▶ _Problem to solve_
The material beneath this line should be printed exactly, with its pictures omitted.

== == ==

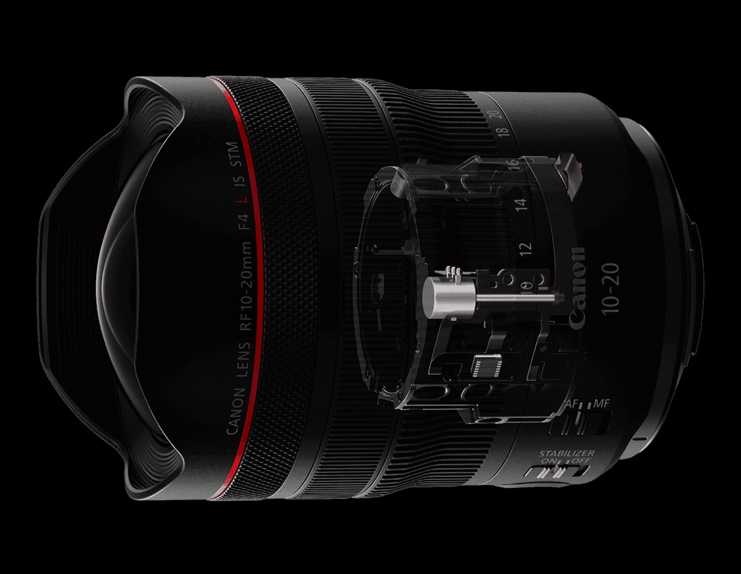 Canon 亦在 RF10-20mm F4 L IS STM 中首次採用導螺桿型 STM 馬達及以往只在 Nano USM 鏡頭中使用的對焦鏡片位置偵測感測器 (位置感測器) 組合。因此開機時對焦鏡片的位置不需被重設,縮短了啟動時間,能更迅速地進入拍攝狀態。
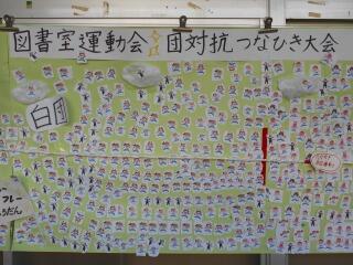 今、図書室前で「団対抗つなひき大会」が行われています。これは、図書室の本を1冊読んだら、子どもの絵が描かれたカードを1枚もらい、自分の団に貼っていくものです。当然、つなを引く人の数が多いほど勝ちに近づくということになります。
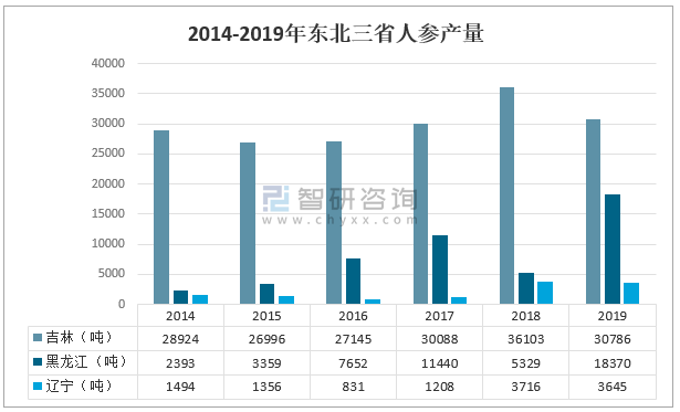 2014-2019年東北三省人參產量
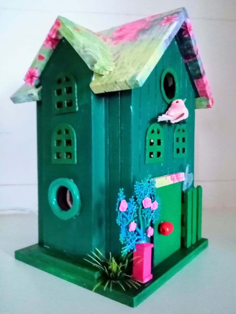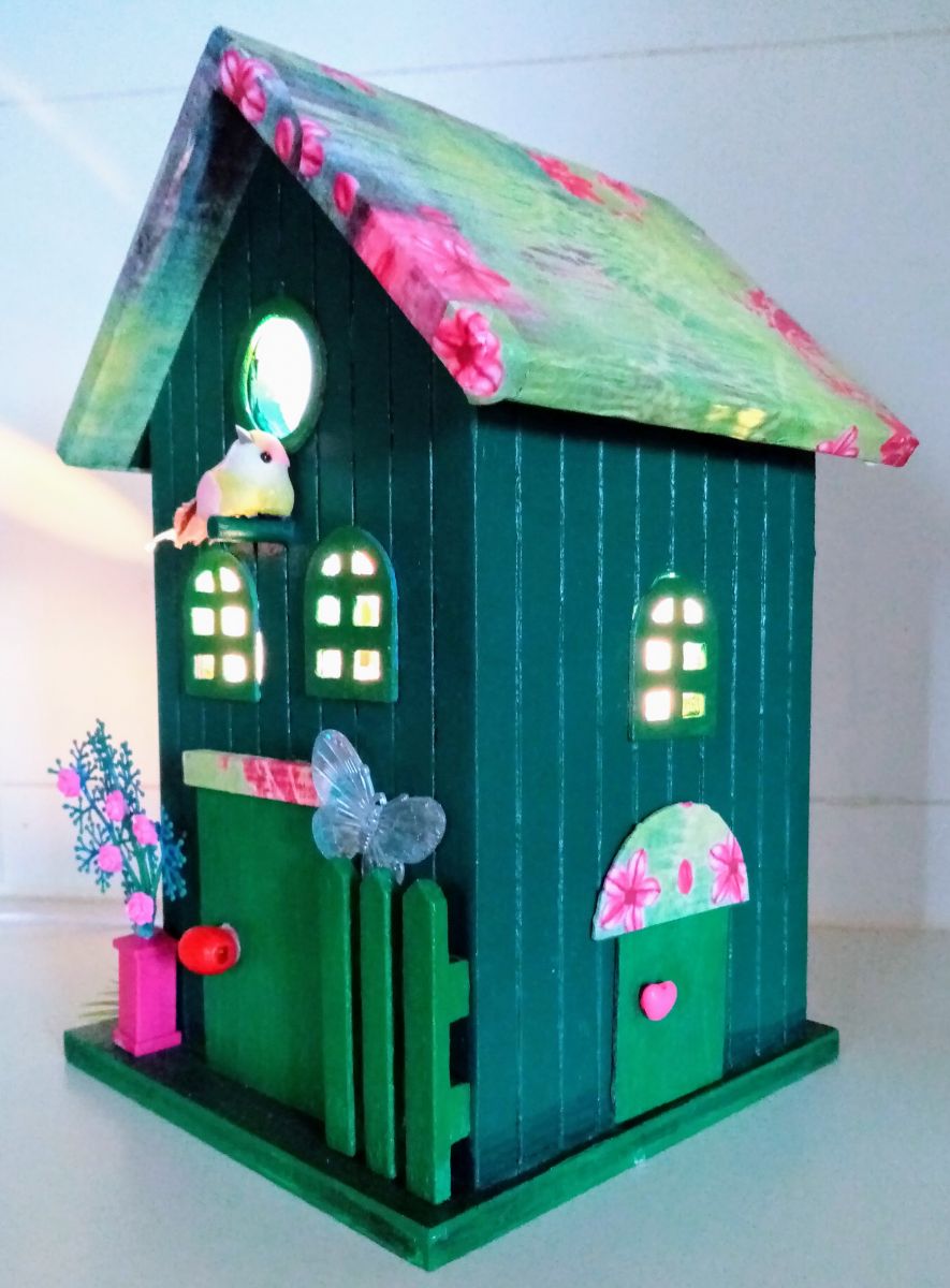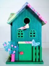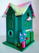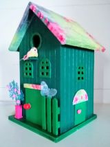 ICI: Lampe de chevet nichoir en bois vert à détails colorés et à châssis verts. Cette maison d'oiseau est un joli luminaire dont les 7 fenêtres sont des ouvertures qui éclaireront votre intérieur ou la chambre de votre enfant et en font une véritable lampe de chevet.
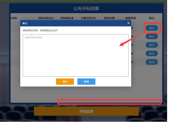 操作方法:將唱標頁面滾動條滑動到最右側,點擊“備注”按鈕,填寫備注內容,點擊“保存”按鈕,完成備注操作。
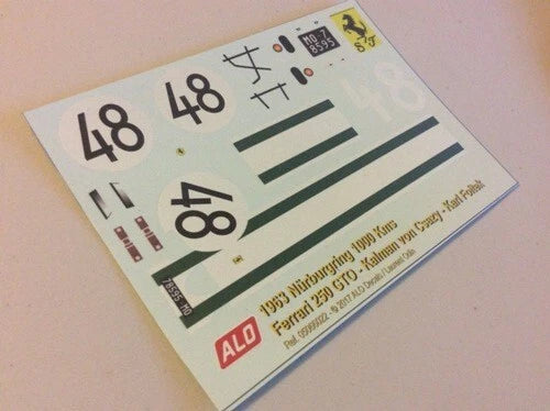 1963 NÜRBURGRING 1000 KMS #48 FERRARI 250 GTO KALMAN VON CSAZY/KARL FOITEK 1:43, 1:24, 1:18 DECALS
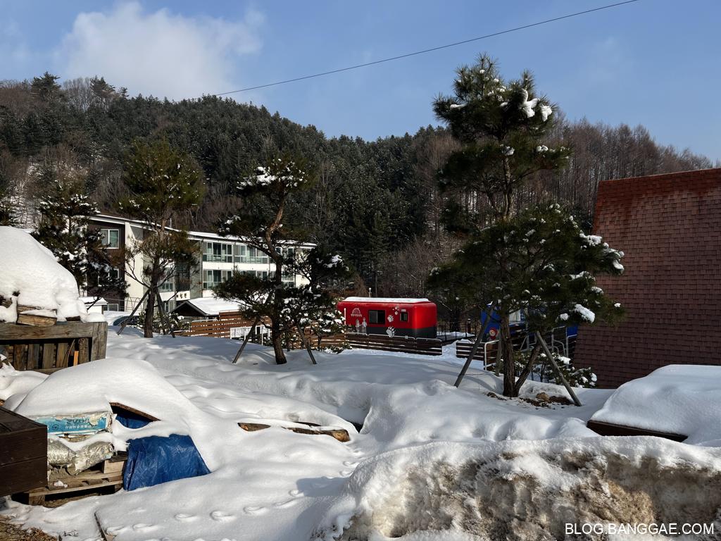 다음날 용평에 있는 발왕산 케이블카를 타는 일정이 있어 평창자연휴양림에서 숙박을 했습니다. 눈이 많이 오고 나서 인지 휴양림에 사람은 많지 않았고 산책로도 다 막혀 있어 숙박만 하고 건물 주변 산책만 하고 나오게 되었습니다.
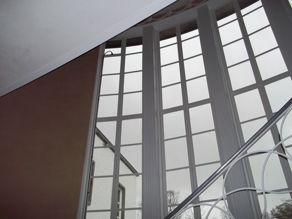 The windows vary in size from 400mm diameter bulls-eyes, through to 6.5 metre tall staircase screens. There is also a diversity of different openers with side hung, top hung, bottom hung and horizontal pivots. And, while the curve to Gribloch House's front elevation is accommodated by faceting the steel frames within the radiused sub-frames, there is a large curved on plan window to the rear of the building.
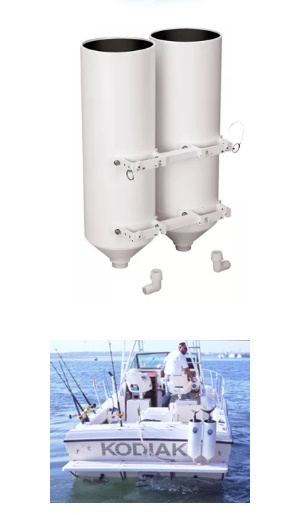 Tuna Tubes are supplied with quick-disconnect mounting brackets for transom mounting. The mounts use small transom mount nuts, and the tuna tube brackets clip to the nuts. The double tube set uses two sets of brackets mounted together and only requires 4 mounting nuts on transom. These mounts are anodized and white-powder coated for long life.
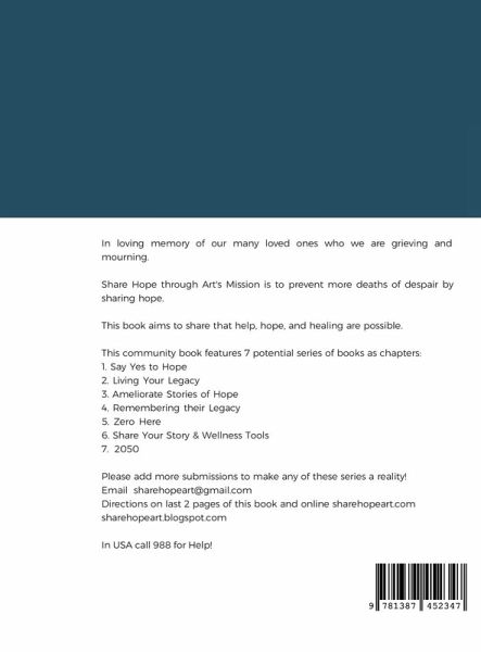 In loving memory of our many loved ones who we are grieving and mourning. Share Hope through Art's Mission is to prevent more deaths of despair by sharing hope. This book aims to share that help, hope, and healing are possible. This community book features 7 potential series of books as chapters: 1. Say Yes to Hope 2. Living Your Legacy 3. Ameliorate Stories of Hope 4. Remembering their Legacy 5. Zero Here 6. Share Your Story & Wellness Tools 7. 2050 Please add more submissions to make any of these series a reality! Email sharehopeart@gmail.com Directions on last 2 pages of this book and online sharehopeart.com sharehopeart.blogspot.com In USA call 988 for Help!
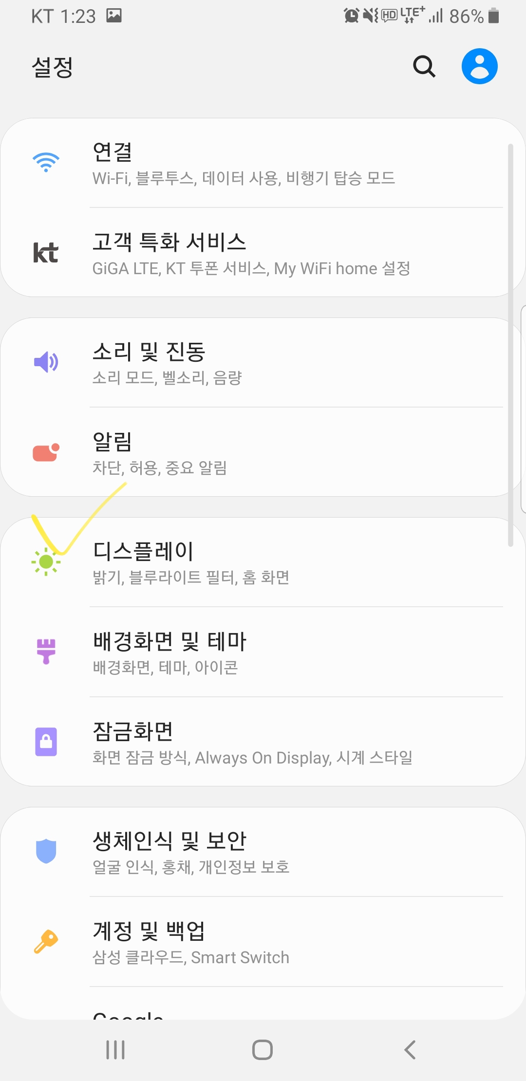 2.디스플레이 설정으로 들어가주시기 바랍니다.

== == ==

▶ _Answer below_
 Canon 亦在 RF10-20mm F4 L IS STM 中首次採用導螺桿型 STM 馬達及以往只在 Nano USM 鏡頭中使用的對焦鏡片位置偵測感測器 (位置感測器) 組合。因此開機時對焦鏡片的位置不需被重設,縮短了啟動時間,能更迅速地進入拍攝狀態。
 今、図書室前で「団対抗つなひき大会」が行われています。これは、図書室の本を1冊読んだら、子どもの絵が描かれたカードを1枚もらい、自分の団に貼っていくものです。当然、つなを引く人の数が多いほど勝ちに近づくということになります。
 2014-2019年東北三省人參產量
 ICI: Lampe de chevet nichoir en bois vert à détails colorés et à châssis verts. Cette maison d'oiseau est un joli luminaire dont les 7 fenêtres sont des ouvertures qui éclaireront votre intérieur ou la chambre de votre enfant et en font une véritable lampe de chevet.
 操作方法:將唱標頁面滾動條滑動到最右側,點擊“備注”按鈕,填寫備注內容,點擊“保存”按鈕,完成備注操作。
 1963 NÜRBURGRING 1000 KMS #48 FERRARI 250 GTO KALMAN VON CSAZY/KARL FOITEK 1:43, 1:24, 1:18 DECALS
 다음날 용평에 있는 발왕산 케이블카를 타는 일정이 있어 평창자연휴양림에서 숙박을 했습니다. 눈이 많이 오고 나서 인지 휴양림에 사람은 많지 않았고 산책로도 다 막혀 있어 숙박만 하고 건물 주변 산책만 하고 나오게 되었습니다.
 The windows vary in size from 400mm diameter bulls-eyes, through to 6.5 metre tall staircase screens. There is also a diversity of different openers with side hung, top hung, bottom hung and horizontal pivots. And, while the curve to Gribloch House's front elevation is accommodated by faceting the steel frames within the radiused sub-frames, there is a large curved on plan window to the rear of the building.
 Tuna Tubes are supplied with quick-disconnect mounting brackets for transom mounting. The mounts use small transom mount nuts, and the tuna tube brackets clip to the nuts. The double tube set uses two sets of brackets mounted together and only requires 4 mounting nuts on transom. These mounts are anodized and white-powder coated for long life.
 In loving memory of our many loved ones who we are grieving and mourning. Share Hope through Art's Mission is to prevent more deaths of despair by sharing hope. This book aims to share that help, hope, and healing are possible. This community book features 7 potential series of books as chapters: 1. Say Yes to Hope 2. Living Your Legacy 3. Ameliorate Stories of Hope 4. Remembering their Legacy 5. Zero Here 6. Share Your Story & Wellness Tools 7. 2050 Please add more submissions to make any of these series a reality! Email sharehopeart@gmail.com Directions on last 2 pages of this book and online sharehopeart.com sharehopeart.blogspot.com In USA call 988 for Help!
 2.디스플레이 설정으로 들어가주시기 바랍니다.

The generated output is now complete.